Here's what I did: I want to prove that $|E(X_n)^p -E(X)^p| \to 0$.
$|E(X_n)^p -E(X)^p| \leq E(|X_n^p-X^p|)$ But this isn't necessariliy $\leq E(|X_n-X|^p)$ (which converges to zero). Take as a counterexample $p=2$, $X_n = 3,99$ and $X=4$. So, what can I do now? Any hints? Thanks!
On
$X_n \to X$ in $L^p$ for $p>1$ implies $X_n \to X$ in $L^1$ because $|| X||_p$ is an increasing function in $p$ (use Jensen), in particular $EX_n \to EX$. Since $x \mapsto x^p$ is continuous this also implie s$(EX_n)^p \to (EX)^p$.
On
For $0<p\le 1$, by the $c_r$ inequality,
$$ |\mathsf{E}|X_n|^p-\mathsf{E}|X|^p|\le \mathsf{E}|X_n-X|^p\to 0. $$
For $p>1$, the Minkowski inequality implies that
$$ \left|\|X_n\|_p-\|X\|_p\right|\le \|X_n-X\|_p\to 0. $$
On
Whenever $\Omega$ is a space of finite measure and $f$ is in $L^p(\Omega)$, it follows that $f$ is in $L^q(\Omega)$ for $1\leqslant q<p$, for $$\lVert f\rVert_q \leqslant \mu(\Omega)^{1/q-1/p} \lVert f\rVert_p$$
In particular for $\Omega$ a probability space we get $1\leqslant q\mapsto \lVert f\rVert_q$ is an increasing function.

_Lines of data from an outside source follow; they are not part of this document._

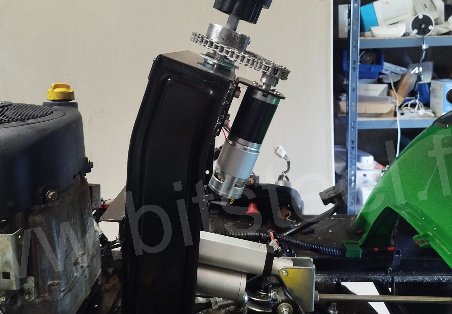 - Un amortisseur de couple pour la direction étant devenu fixe par l’usage d’un moteur réducteur.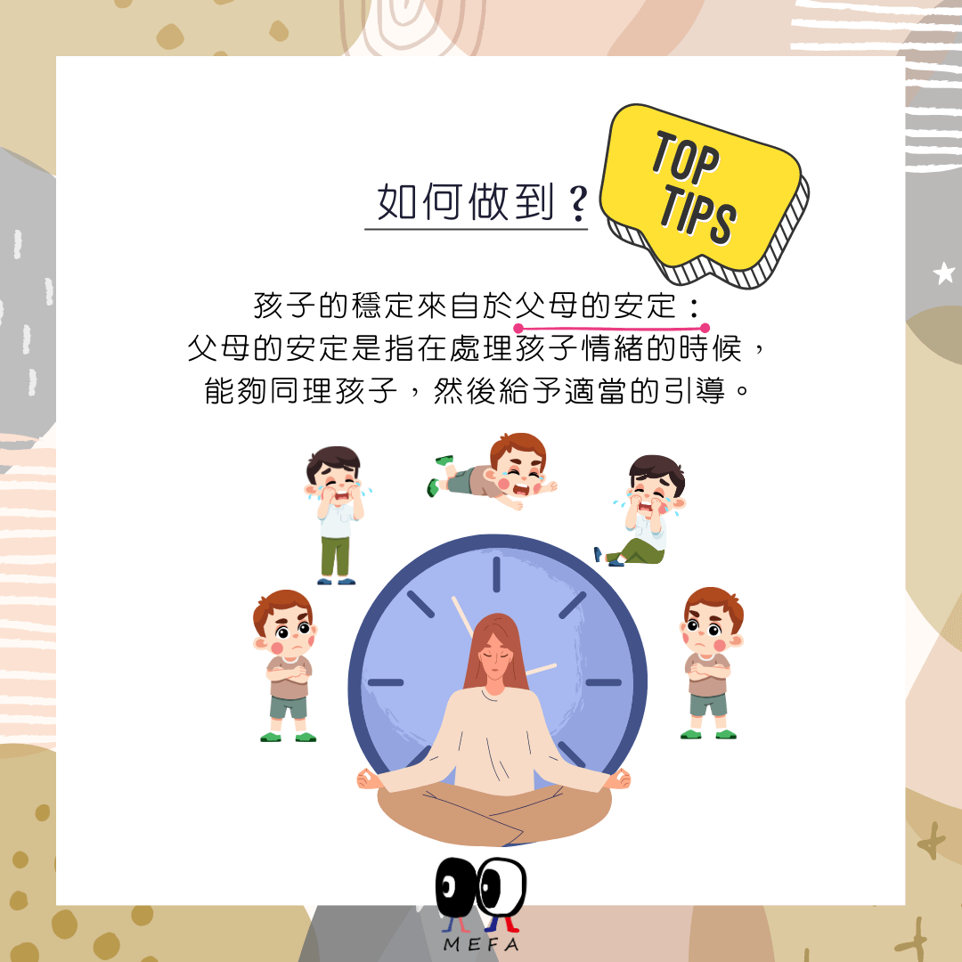 而所謂的父母的安定是指在處理孩子情緒的時候,是否能夠同理孩子,然後給予適當的引導。還是你用強硬的態度,要求孩子一定得怎麼做?你能理解孩子的秩序感敏感期嗎?你能理解情緒表達方式都不一樣,什麼樣的方式是合理的表達情緒呢?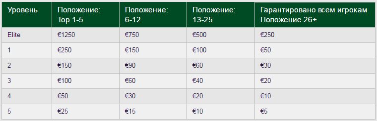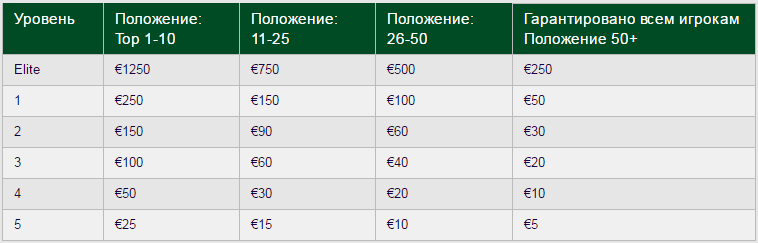 Призы определяются уровнем, который вы получаете по своим достижениям по очкам лояльности, и вашим положением в турнире.
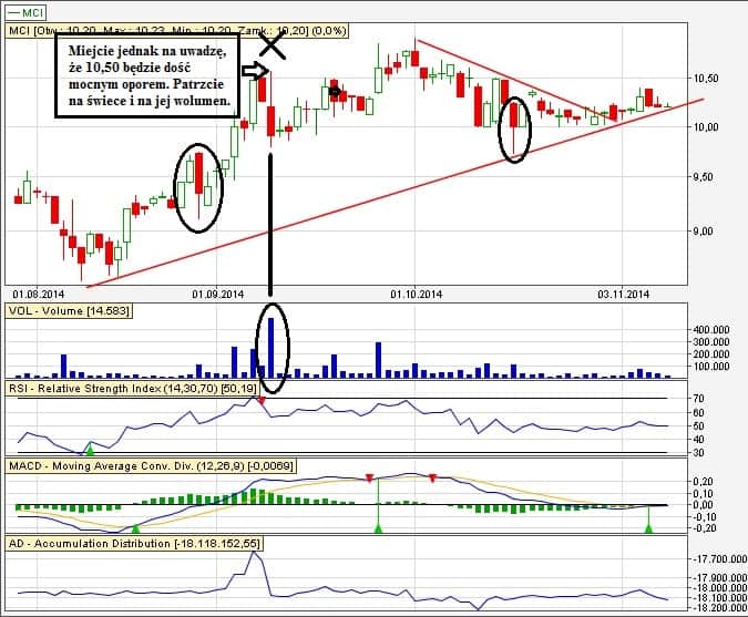 Tutaj wykres się konsoliduje tworząc popularną formację trójkąta. Osobiście już jednak bym pogrywał pod wybicie z zaznaczonej konsolidacji – pod wybicie z 6,50 zł.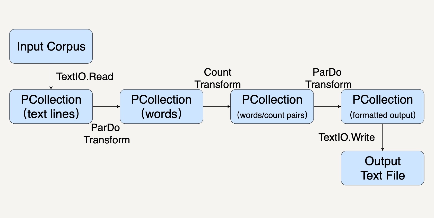 那么我们怎样在Beam中处理这个问题呢?结合前面所学的知识,我们可以把Pipeline分为这样几步: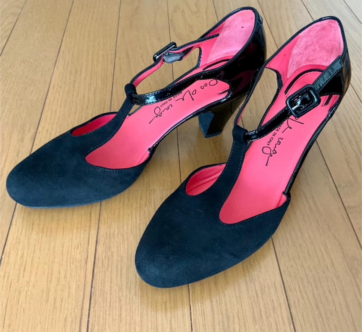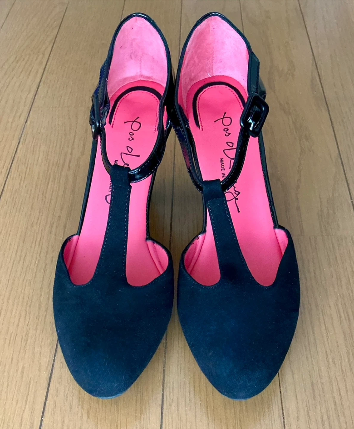 イタリア製Pas de Rougeパ・ド・ルージュ サイズ:39(日本サイズ24.5〜25) ヒール:8㎝ ✨【美品】室内試し履きのみ。✨ ヒール部が太いので凄い安定感あり感覚はパンプス履いてるようです。 黒色のスエードのアッパーと、 🩷鮮やかなピンク色のインソール Tストラップとアンクルストラップは黒のエナメル Pas de Rougeは伝統的な「手袋縫い」という製法と超軽量素材の組み合わせで、一日中履いていても疲れにくい「魔法の靴」と称されています。 お取引場所:駅改札or中央区内、お互いの都合の良い場所も可能。 日時応相談。 ご不明点があればお気軽にお尋ねください。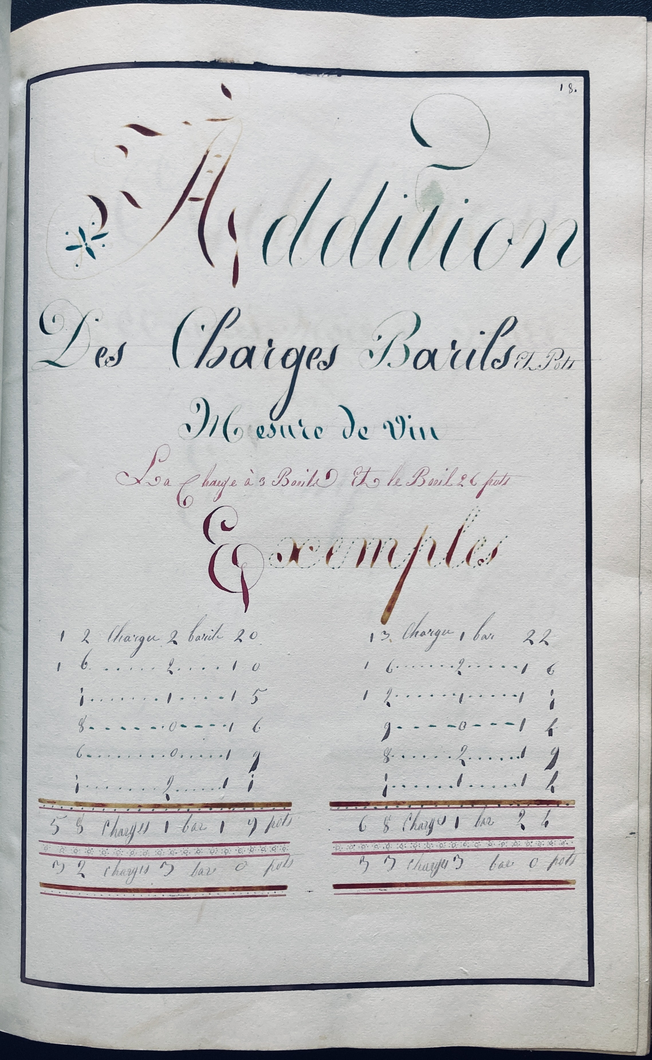 The material aspect of this unusually luxurious textbook—gilt stamped morocco binding and liberal use of paper (the exercises appear on the rectos only), tells us that Augustine must have been from a well-educated and well-to-do family. The carefully handwritten creation of this exercise book also demonstrates her competency in mathematics as well as penmanship. It is further noteworthy that a young woman's education in the early 19th century would include exercises in commercial business as seen here. The work opens with a pedagogical exercise on the principles of arithmetic in a Question and Answer fashion: the student has responded to a series of 32 questions, beginning with the question: “Qu’est ce que l’arithmétique [what is arithmetic]?” The table of contents lists over 60 essential exercises in all.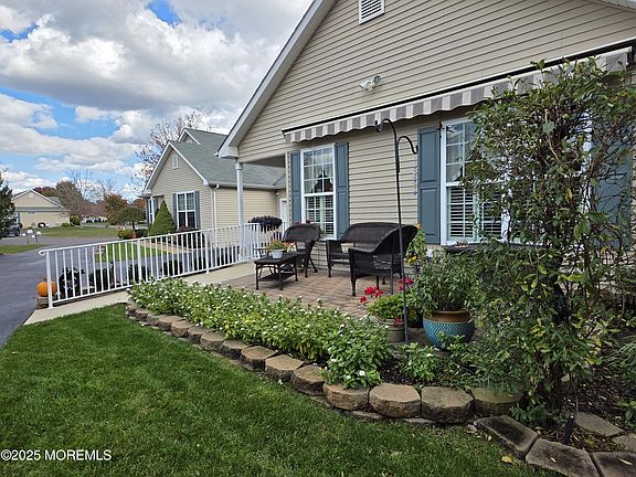 Welcome to Country Walk at Lake Ridge, a highly sought-after 55+ community in Whiting. This Devon II model offers a spacious, open-concept layout with wide doorways, ramp access, and a huge rear yard. Inside, you'll find 9-foot ceilings, crown molding, recessed lighting, and a bright kitchen with 42'' cabinets and gas cooking. The primary suite features a large walk-in closet and private bath. A guest bedroom, laundry room with washer and dryer, and gas-forced air heating complete the home's comfort. Enjoy peaceful mornings or summer evenings on the extended patio with awning overlooking the tranquil nature setting. Residents of Country Walk enjoy a beautifully maintained clubhouse with gym, billiards room, in-ground pool, and a full calendar of social activities -your happy place.

Thus $\lVert X-X_n\rVert_p\to 0 $ implies that $\lVert X-X_n\rVert_1\to 0$. Now $\lVert X\rVert_1=\mathbb E|X|$ so this entails that $\mathbb EX_n\to \mathbb EX$ for $|\lVert X\rVert_1-\lVert X_n\rVert_1|\leqslant \lVert X-X_n\rVert_1$. It follows that $(\mathbb EX_n)^p\to (\mathbb EX)^p$ by continuity.
Think about a normed linear space. Any normed linear space. The norm is continuous since $$ \left|\|x_n\| - \|y_n\| \right| \le \|x_n - y_n\|.$$